Comment le débiteur peut il s’opposer à la procédure simplifiée de recouvrement ?

Le débiteur dispose d’un délai d’un mois à compter de la signification du commandement de payer pour réagir. Il peut régler la créance, solliciter des délais de paiement ou formuler une contestation motivée sur le principe ou le montant réclamé. Toute contestation sérieuse bloque la procédure simplifiée et renvoie le litige vers une voie judiciaire classique, avec débat contradictoire devant la juridiction compétente, ce qui redonne toute sa place à l’argumentation juridique et à la preuve.

Quand privilégier la procédure simplifiée plutôt que l’injonction de payer ?

La procédure simplifiée de recouvrement des créances commerciales est particulièrement adaptée aux créances B2B clairement commerciales, bien documentées et non contestées, lorsque le créancier souhaite un traitement rapide et structuré. L’injonction de payer reste pertinente pour des situations plus hétérogènes, des montants plus faibles ou des dossiers où la nature commerciale de la créance est moins évidente. Le choix dépend du profil du débiteur, du risque de contestation et de la stratégie globale de recouvrement de l’entreprise, qui peut combiner ces outils dans un tableau comparatif interne intégrant coûts, délais et taux de succès.

Quel impact attendre sur les coûts et les délais de recouvrement pour les entreprises ?

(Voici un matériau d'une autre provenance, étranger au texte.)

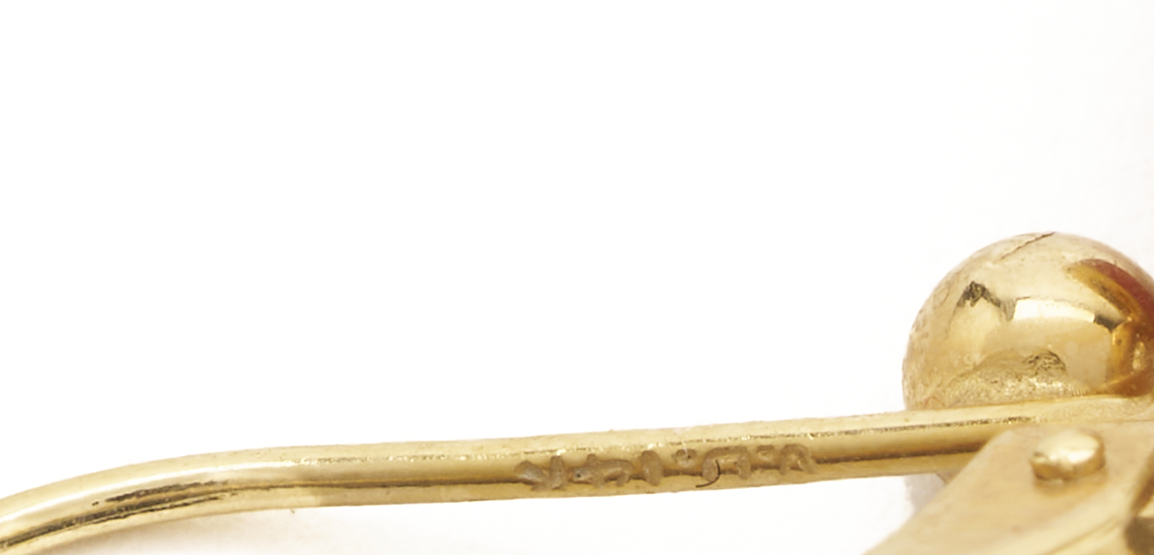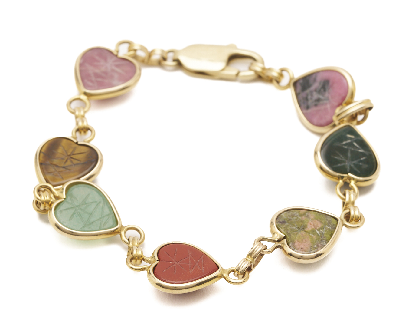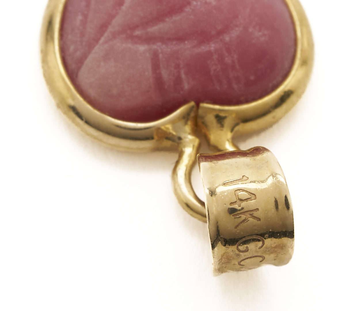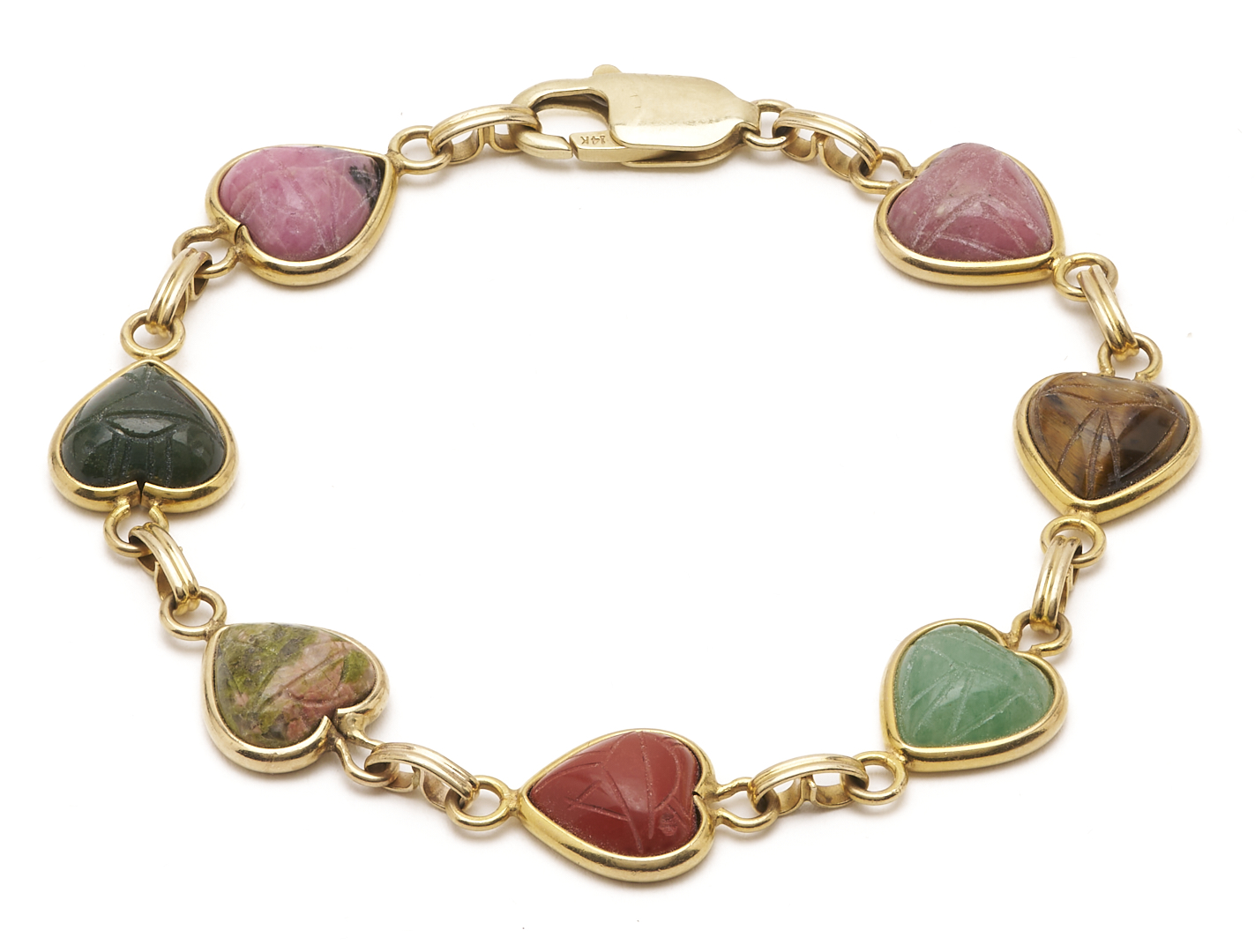 1st item: Ladies’ 14K yellow gold bracelet featuring two (2) rhodochrosite, one (1) nephrite jade, one (1) tiger’s eye, one (1) carnelian, one (1) jasper, and one (1) serpentinite all heart shaped cabochons with rune carvings. The bracelet is marked “14K” and XRF tests 14K gold. The bracelet is 7 in. L. and has a gross weight of 12.74 grams. 2nd item: Ladies’ 14K yellow gold pendant featuring one (1) heart shaped cabochon rhodochrosite with rune carvings. The pendant is marked “14K” and XRF tests 14K gold. The pendant is 3/4 in. x 3/8 in. and has a gross weight of 1.62 grams. 3rd item: Ladies’ 14K yellow gold pair of pierced back dangle earrings featuring two (2) heart shaped cabochon rhodochrosite with rune carvings. The earrings are marked “14K” and XRF test 14K gold. The earrings are 1 1/4 in. x 3/8 in. and have a gross weight of 3.61 grams. Gross weight of the lot is 17.97 grams.

En concentrant le traitement sur les créances commerciales incontestées et en évitant un passage systématique devant le juge, la procédure simplifiée permet de réduire les délais d’obtention d’un titre exécutoire. Les coûts restent maîtrisés, car la phase est essentiellement pilotée par le commissaire de justice, avec un nombre limité d’actes judiciaires. Pour les entreprises, l’enjeu est d’intégrer ce mécanisme dans leur stratégie de recouvrement pour améliorer le cash encaissé sans alourdir le contentieux, en s’appuyant sur les enseignements du décret n° 2023-686 et des rapports de la Banque de France et d’Altares sur les retards de paiement.